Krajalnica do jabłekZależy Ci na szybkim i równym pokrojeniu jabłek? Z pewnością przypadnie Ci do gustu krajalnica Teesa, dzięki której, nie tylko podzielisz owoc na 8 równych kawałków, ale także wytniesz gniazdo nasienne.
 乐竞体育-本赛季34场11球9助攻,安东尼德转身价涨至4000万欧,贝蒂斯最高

* * *

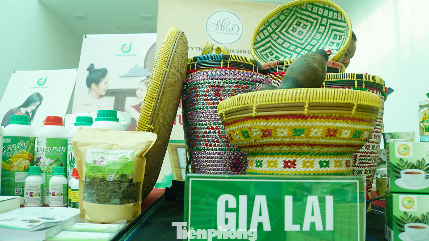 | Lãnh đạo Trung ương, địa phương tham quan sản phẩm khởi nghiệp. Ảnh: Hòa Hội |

TASK GOAL:
Could you set down, word for word, only the lines above from the line with "Krajalnica do jabłekZależy" to the line with "乐竞体育-本赛季34场11球9助攻,安东尼德转身价涨至4000万欧,贝蒂斯最高", including both?

RESPONSE TO THE TASK:
Krajalnica do jabłekZależy Ci na szybkim i równym pokrojeniu jabłek? Z pewnością przypadnie Ci do gustu krajalnica Teesa, dzięki której, nie tylko podzielisz owoc na 8 równych kawałków, ale także wytniesz gniazdo nasienne.
 乐竞体育-本赛季34场11球9助攻,安东尼德转身价涨至4000万欧,贝蒂斯最高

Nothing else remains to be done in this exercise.